* _TASK TO COMPLETE_
Please copy all of the data that follows exactly, leaving any pictures out.
[DATA SECTION — start]
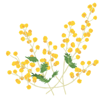
国際女性デーのシンボル「ミモザの花」

国際女性デーをきっかけに、改めて女性の活躍の機運を盛り立て、男女平等への課題を考えてみませんか。
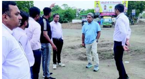
સમયમર્યાદામાં પૂર્ણ થાય તે માટે વિવિધ વિભાગો વચ્ચે સંકલન જાળવવા અને સોંપાયેલી કામગીરીનો નિયમિત મોનિટરિંગ કરવા પર ભાર મૂકવામાં આવ્યો હતો, જેથી શ્રદ્ધાળુઓને કોઈ અસુવિધા ન થાય. આ સ્થળ મુલાકાત દરમિયાન ભાવનગર મહાનગરપાલિકાના વિવિધ વિભાગના ઉચ્ચ અધિકારીઓ હાજર રહ્યા હતા.

ભાવનગર, તા. ૪ આગામી અષાઢી બીજની રથયાત્રાના ભવ્ય આયોજનના ભાગરૂપે મ્યુનિસિપલ કમિશનર દ્વારા રથયાત્રાના સમગ્ર રૂટ તેમજ બાલા હનુમાન ચોક ખાતે સ્થળ મુલાકાત લેવામાં આવી હતી. આ નિરીક્ષણ દરમિયાન તેમણે માર્ગ વ્યવસ્થા, સ્વચ્છતા, સ્ટ્રીટ લાઈટ, ડ્રેનેજ, બેરિકેડિંગ, ટ્રાફિક અને પીવાના પાણી જેવી આવશ્યક સુવિધાઓની ગીણવટભરી સમીક્ષા કરી હતી. રથયાત્રાના રૂટને સંપૂર્ણ અવરોધમુક્ત રાખવા અને શ્રદ્ધાળુઓની અવરજવર સરળતાથી થઈ શકે તે માટે જાહેર રસ્તાઓ પર નડતરરૂપ ગેરકાયદેસર દબાણોને તાત્કાલિક હટાવવા કમિશનરે સંબંધિત વિભાગોને કડક સૂચના આપી હતી. કોર્પોરેશન હસ્તકની તમામ કામગીરી
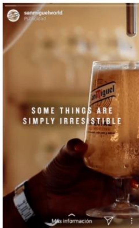
Figura 8: Anuncio de video en sección stories de Instagram
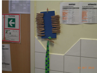
Die Klammer – das Zeichen für den Lehrer, dem jeweiligen Schüler zu helfen

In den folgenden Monaten wird sich die FESH- Steuergruppe Schulprogramm an Hand der motivierenden Berichte auf den Weg machen, den Schulgremien neue Vorschläge zu unterbreiten. So wird die FESH engagiert in die Zukunft gehen.
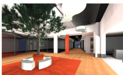
Projet Galerie Carrefour Contact
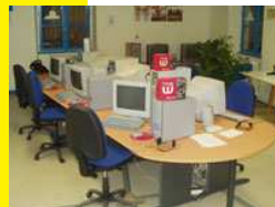
accès Internet haut débit

Association Loi 1901 déclarée en Préfecture du Doubs
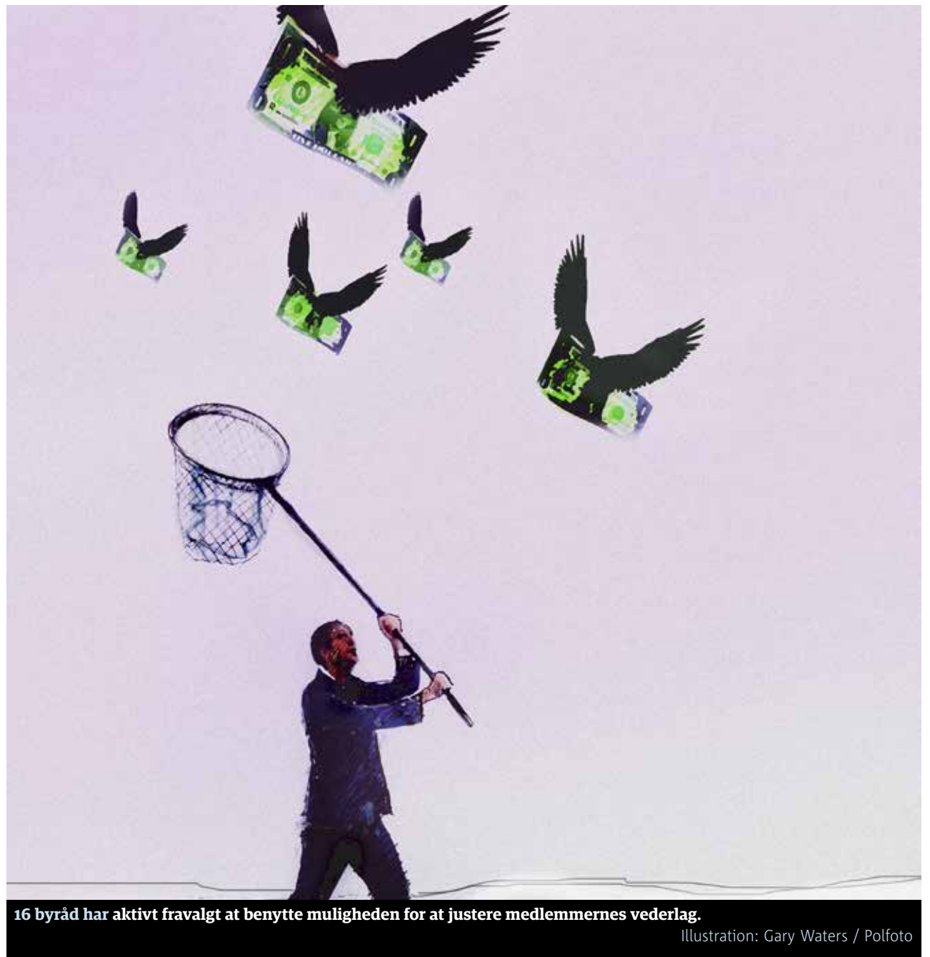
16 byråd har aktivt fravalgt at benytte muligheden for at justere medlemmernes vederlag.
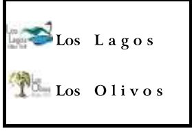
Tabla de Equivalencias
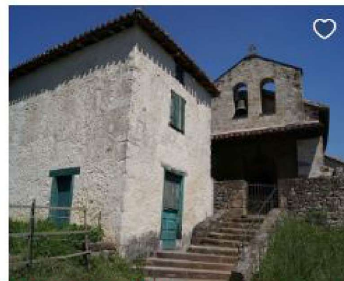
Rites et traditions religieuses en Pays Basque
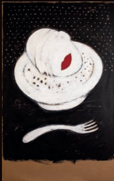
NEL MIO PIATTO TECNICA MISTA SU CARTONE, 100X180
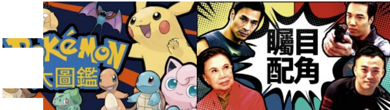
【首館】Pokemon Go 【專頁：香港最強綠葉】娛樂工業中的配角們 你今...
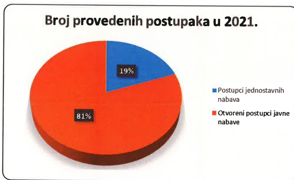
Slika 26: Struktura provedenih postupaka javne nabave u 2021. godini

Odjel za pravne poslove, ljudske resurse i javnu nabavu pružao je i isključivo savjetodavne usluge u vidu pregleda pripremljene dokumentacije o nabavi od strane korisnika, pružanje pomoći kod konkretnih problema u provedbi postupaka javne nabave (tamo gdje su korisnici samostalno provodili nabave), kao i pomoći u fazi realizacije već ranije sklopljenih ugovora o javnim nabavama.
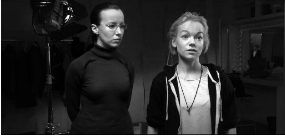
Resim 19. Confession kısa filminden bir sahne

Resim 19'da amors çekim esnasında oyuncular ayakta diyalog halindeyken çerçeveye alınmışlardır.
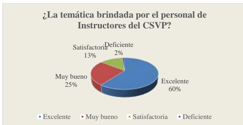
Ilustración N°2: Temas de que se capacito a los funcionarios del CSVP

En la primera pregunta realizada a los servidores del CSVP, la cual indica si la temática brindada por el personal de Instructores en los temas de la Ley Orgánica que regula el uso legítimo de la fuerza y Defensa Personal, se puede observar que se tuvo gran acogida al analizar el resultado arrojado con un 60% de respuestas excelente y con un 2% que indicaron que fue deficiente.
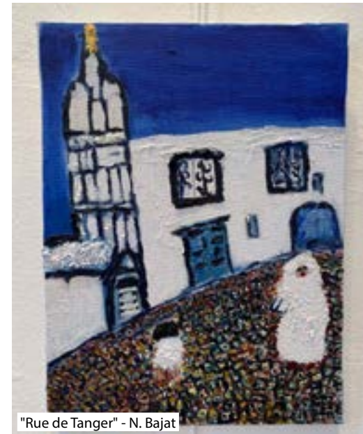
"Rue de Tanger" - N. Bajat

Ik ben hier aangekomen toen ik drie jaar was en de Brusselaars hebben ons verwelkomd. Het zijn mijn vrienden, mijn familie. Als ik naar de oude "brusseleirs" kijk, dan vind ik hun situatie onrechtvaardig. Ze klagen niet, maar zijn soms echt behoeftig en ze zijn eenzaam.
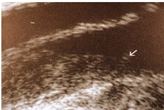
Photo 3. – Le pôle supérieur du thrombus s'arrête à l'abouchement d'une veine collatérale

moyen de les appréhender est de raisonner en termes d'équilibre : une balance avec d'un côté les facteurs favorisant la formation du thrombus et, de l'autre, les facteurs inhibiteurs ou compensateurs empêchant la formation de ce thrombus.
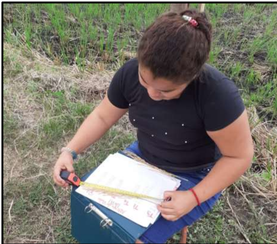
Fig. 10. Evaluación de datos (Longitud de Panícula)
[DATA SECTION — finish]
* _TASK SOLUTION_
国際女性デーのシンボル「ミモザの花」

国際女性デーをきっかけに、改めて女性の活躍の機運を盛り立て、男女平等への課題を考えてみませんか。
સમયમર્યાદામાં પૂર્ણ થાય તે માટે વિવિધ વિભાગો વચ્ચે સંકલન જાળવવા અને સોંપાયેલી કામગીરીનો નિયમિત મોનિટરિંગ કરવા પર ભાર મૂકવામાં આવ્યો હતો, જેથી શ્રદ્ધાળુઓને કોઈ અસુવિધા ન થાય. આ સ્થળ મુલાકાત દરમિયાન ભાવનગર મહાનગરપાલિકાના વિવિધ વિભાગના ઉચ્ચ અધિકારીઓ હાજર રહ્યા હતા.

ભાવનગર, તા. ૪ આગામી અષાઢી બીજની રથયાત્રાના ભવ્ય આયોજનના ભાગરૂપે મ્યુનિસિપલ કમિશનર દ્વારા રથયાત્રાના સમગ્ર રૂટ તેમજ બાલા હનુમાન ચોક ખાતે સ્થળ મુલાકાત લેવામાં આવી હતી. આ નિરીક્ષણ દરમિયાન તેમણે માર્ગ વ્યવસ્થા, સ્વચ્છતા, સ્ટ્રીટ લાઈટ, ડ્રેનેજ, બેરિકેડિંગ, ટ્રાફિક અને પીવાના પાણી જેવી આવશ્યક સુવિધાઓની ગીણવટભરી સમીક્ષા કરી હતી. રથયાત્રાના રૂટને સંપૂર્ણ અવરોધમુક્ત રાખવા અને શ્રદ્ધાળુઓની અવરજવર સરળતાથી થઈ શકે તે માટે જાહેર રસ્તાઓ પર નડતરરૂપ ગેરકાયદેસર દબાણોને તાત્કાલિક હટાવવા કમિશનરે સંબંધિત વિભાગોને કડક સૂચના આપી હતી. કોર્પોરેશન હસ્તકની તમામ કામગીરી
Figura 8: Anuncio de video en sección stories de Instagram
Die Klammer – das Zeichen für den Lehrer, dem jeweiligen Schüler zu helfen

In den folgenden Monaten wird sich die FESH- Steuergruppe Schulprogramm an Hand der motivierenden Berichte auf den Weg machen, den Schulgremien neue Vorschläge zu unterbreiten. So wird die FESH engagiert in die Zukunft gehen.
Projet Galerie Carrefour Contact
accès Internet haut débit

Association Loi 1901 déclarée en Préfecture du Doubs
16 byråd har aktivt fravalgt at benytte muligheden for at justere medlemmernes vederlag.
Tabla de Equivalencias
Rites et traditions religieuses en Pays Basque
NEL MIO PIATTO TECNICA MISTA SU CARTONE, 100X180
【首館】Pokemon Go 【專頁：香港最強綠葉】娛樂工業中的配角們 你今...
Slika 26: Struktura provedenih postupaka javne nabave u 2021. godini

Odjel za pravne poslove, ljudske resurse i javnu nabavu pružao je i isključivo savjetodavne usluge u vidu pregleda pripremljene dokumentacije o nabavi od strane korisnika, pružanje pomoći kod konkretnih problema u provedbi postupaka javne nabave (tamo gdje su korisnici samostalno provodili nabave), kao i pomoći u fazi realizacije već ranije sklopljenih ugovora o javnim nabavama.
Resim 19. Confession kısa filminden bir sahne

Resim 19'da amors çekim esnasında oyuncular ayakta diyalog halindeyken çerçeveye alınmışlardır.
Ilustración N°2: Temas de que se capacito a los funcionarios del CSVP

En la primera pregunta realizada a los servidores del CSVP, la cual indica si la temática brindada por el personal de Instructores en los temas de la Ley Orgánica que regula el uso legítimo de la fuerza y Defensa Personal, se puede observar que se tuvo gran acogida al analizar el resultado arrojado con un 60% de respuestas excelente y con un 2% que indicaron que fue deficiente.
"Rue de Tanger" - N. Bajat

Ik ben hier aangekomen toen ik drie jaar was en de Brusselaars hebben ons verwelkomd. Het zijn mijn vrienden, mijn familie. Als ik naar de oude "brusseleirs" kijk, dan vind ik hun situatie onrechtvaardig. Ze klagen niet, maar zijn soms echt behoeftig en ze zijn eenzaam.
Photo 3. – Le pôle supérieur du thrombus s'arrête à l'abouchement d'une veine collatérale

moyen de les appréhender est de raisonner en termes d'équilibre : une balance avec d'un côté les facteurs favorisant la formation du thrombus et, de l'autre, les facteurs inhibiteurs ou compensateurs empêchant la formation de ce thrombus.
Fig. 10. Evaluación de datos (Longitud de Panícula)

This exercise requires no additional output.